Il ministro Bondi ha annunciato che non andrà al festival cinematografico di Cannes perché si sono permessi di invitare Sabina Guzzanti con il film “Draquila”. Secondo il ministro questo invito rappresenterebbe una grave offesa alla dignità nazionale.
Quando abbiamo letto questa notizia abbiamo pensato ad uno scherzo, ad una goliardata messa in giro da qualche grillino che voleva prendere per i fondelli il ministro berlusconissimo, invece era tutto vero!
Del resto perché meravigliarsi, il capo supremo in persona, appena qualche settimana fa, aveva sferrato un duro attacco allo scrittore Roberto Saviano perché con i suoli libri avrebbe contributio ad amplificare il fenomeno mafioso e a sporcare l’immagine della Italia. Non la mafia ha sporcato l’Italia, ma i giornalisti, i magistrati, i poliziotti, i registi, i cittadini che ne hanno parlato,hanno descritto la bestia e hanno cercato di contrastarla.
Allo stesso modo Sabina Guzzanti è sotto accusa perché si è permessa di sporcare l’immagine della ricostruzione abruzzese. dando la parola anche a chi non ha mai nascosto critiche, perplessità, denunce argomentate. Lo scandalo non è quello che si sta manifestando attorno ai grandi appalti, ma è Sabina Guzzanti che osa illuminare anche i lati oscuri del terremoto abruzzese, non a caso il suo film è stato accolto da un lungo commosso applauso quando è stato proiettato all’Aquila, alla presenza di tanti familiari delle vittime e di tanti cittadini,testimoni diretti di quelle giornate e di un desolante presente.
Forse proprio quegli applausi sono quelli che hanno fatto perdere la testa alla cricca, consapevole che il castello faticosamente costruito potrebbe sgretolarsi all’improvviso.

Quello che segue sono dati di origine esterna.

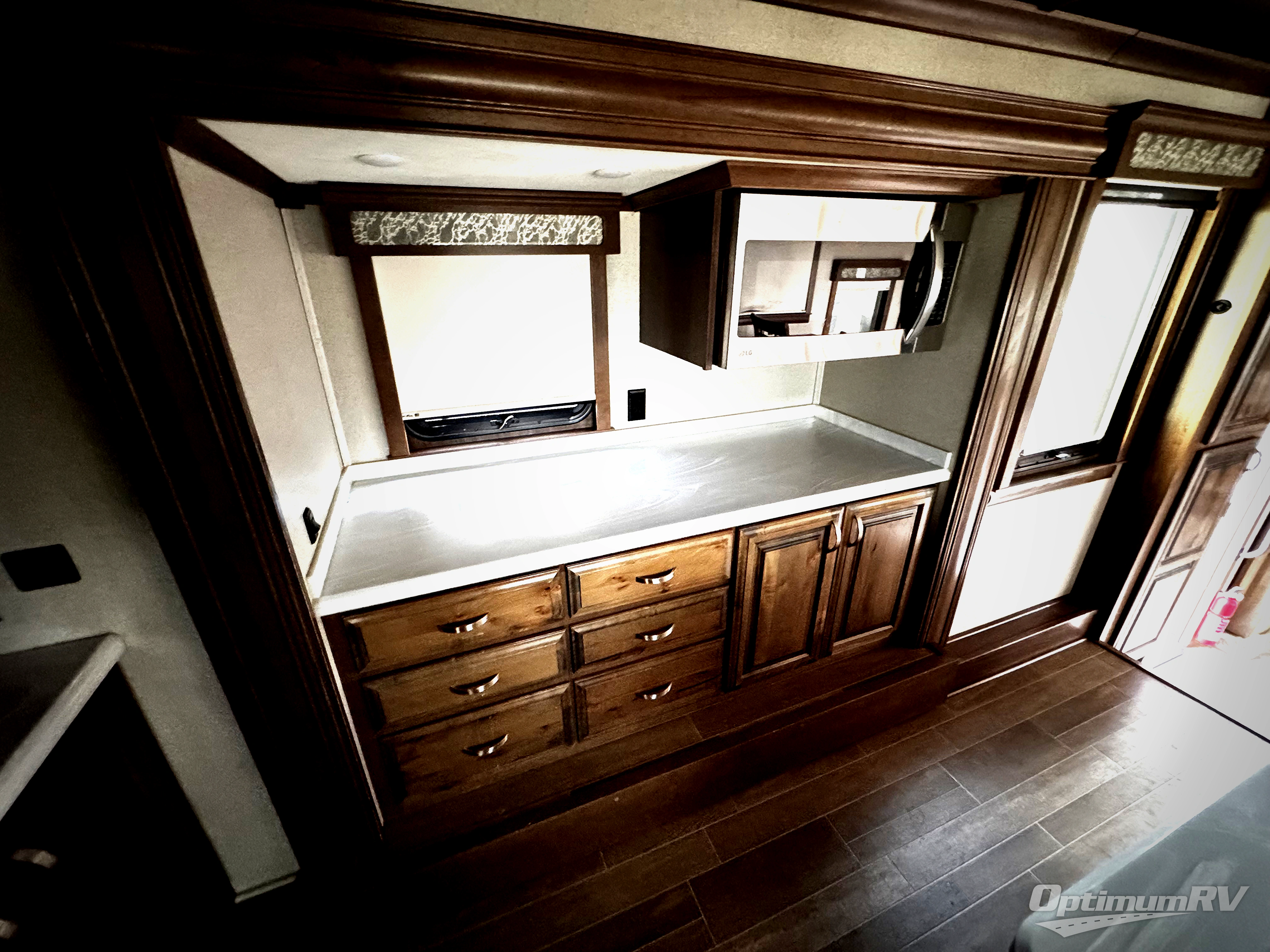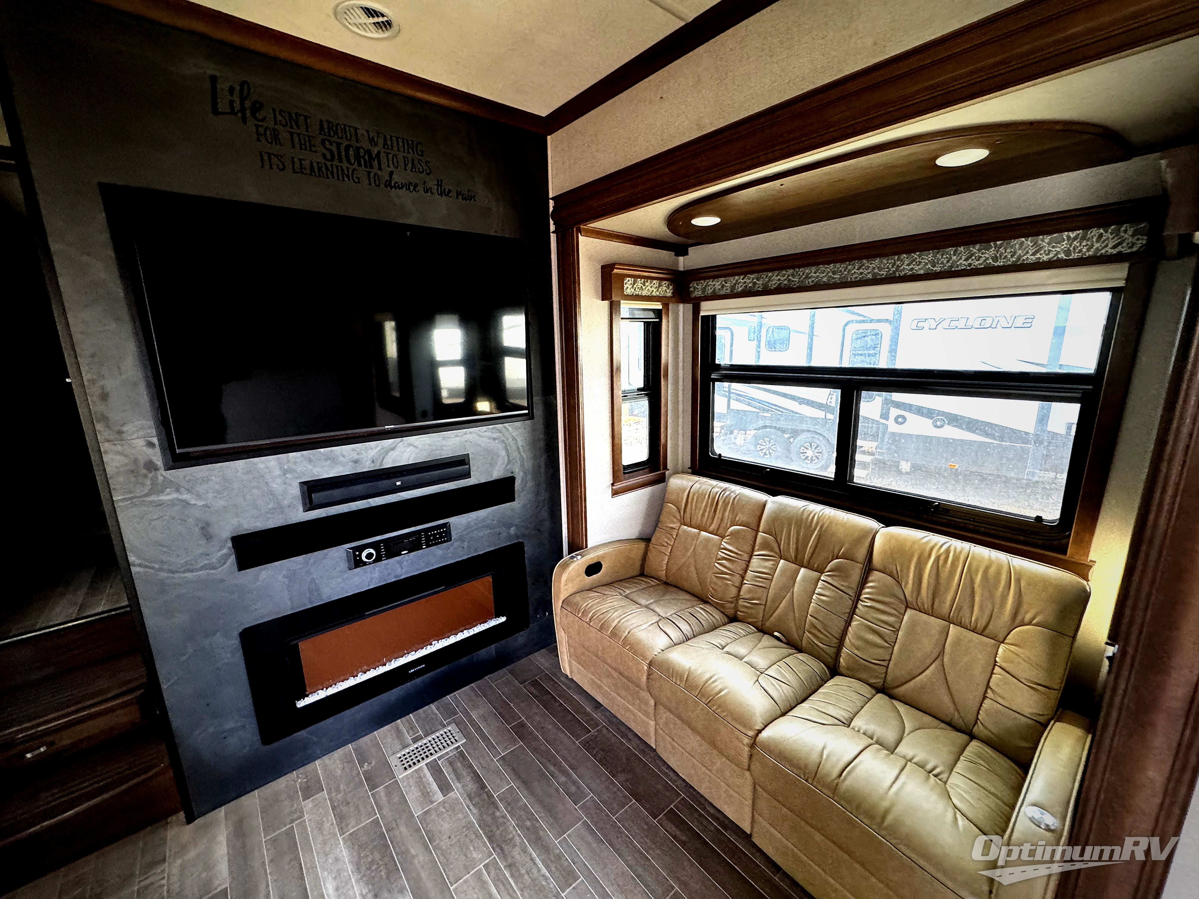 This RiverStone 39FKTH toy hauler fifth wheel gives you all of the at-home comforts plus the convenience of bringing along a few dirt bikes or a four wheeler. Whether you are traveling near or far you can easily load an unload your big toys with the zero gravity ramp door. After you are done playing outside for the day then come relax in the living area where you will find two hide-a-bed sofas and a set of theater seats. You can warm up at the fireplace or enjoy watching a movie or show at the 60" LED Smart TV with a premium soundbar and DVD player/stereo. In the front kitchen you will find plenty of counter space for meal prep as well as an island with a double sink and a dishwasher for cleanup to be a breeze!

Per fortuna della Guzzanti il festival si svolge in terra straniera,altrimenti dopo averla cacciata dalle tv del polo raiset avrebbero provveduto anche a far chiudere un festival del cinema pur di impedirne la visione
Al di là delle battute, la scelta di Bondi simboleggia la parabola di un movimento nato con lo slogan “Vietato Vietare”, che ha ormai assunto come nuova parola d’ordine “E’ vietato tutto quello che non piace al capo supremo”, così di giorno in giorno la lista si allunga:si va dalla Guzzanti a Santoro, dalla Dandini a Ballarò, dagli enti lirici al cinema italiano, sino ad arrivare al presidente Fini e ai suoi seguaci considerati persone sgradite da allontanare prima dai media poi dalla politica.
Tutti costoro,compreso Fini, sono finiti nell’elenco degli antiitaliani, quelli che non vogliono bene a Berlusconi e di conseguenza non vogliono bene all’Italia.
Più o meno così, in situazioni storiche ovviamente ben diverse, si ragionava nella Italia di Mussolini e nella Russia del piccolo padre Stalin,dove chi non lo amava era un nemico del popolo e finiva a spalare neve e non solo in Siberia. Da noi, almeno per ora, si finisce prima fuori dal video e poi triturati da un bel pestaggio mediatico organizzato dai media di proprietà del piccolo padre.
Dal momento che il ministro ha comunque deciso di non partire per la Francia potrebbe utilmente impiegare il suo tempo per tentare di dare una risposta concreta alla clamorosa protesta che si sta sollevando in tutti i teatri italiani, nel mondo della lirica e del cinema, negli istituti di cultura e nei luoghi della ricerca, tutti uniti nel contestare le ultime scelte del governo che comporteranno la morte di tanta parte della industria culturale italiana.
Sarà una casualità ma si tratta di quei mondi che ancora non sono controllati dal polo unico raiset, che sfuggono al dominio televisivo, che hanno la pretesa di rappresentare un pensiero critico e non omologato.
Il ministro Bondi si dovrebbe dimettere non solo per la comica decisione di non andare a Cannes, ma soprattutto perché non è stato e non è capace di rispondere a queste richieste, non può, non sa, non vuole esercitare la funzione di ministro dei beni culturali, del resto è troppo impegnato a svolgere il ruolo di capo del servizio d’ordine dell’amico Silvio che, come è noto, non ha mai amato quel culturame che passa la giornata a denigrare l’immagine della Italia, invece di cantare le lodi della casa regnante.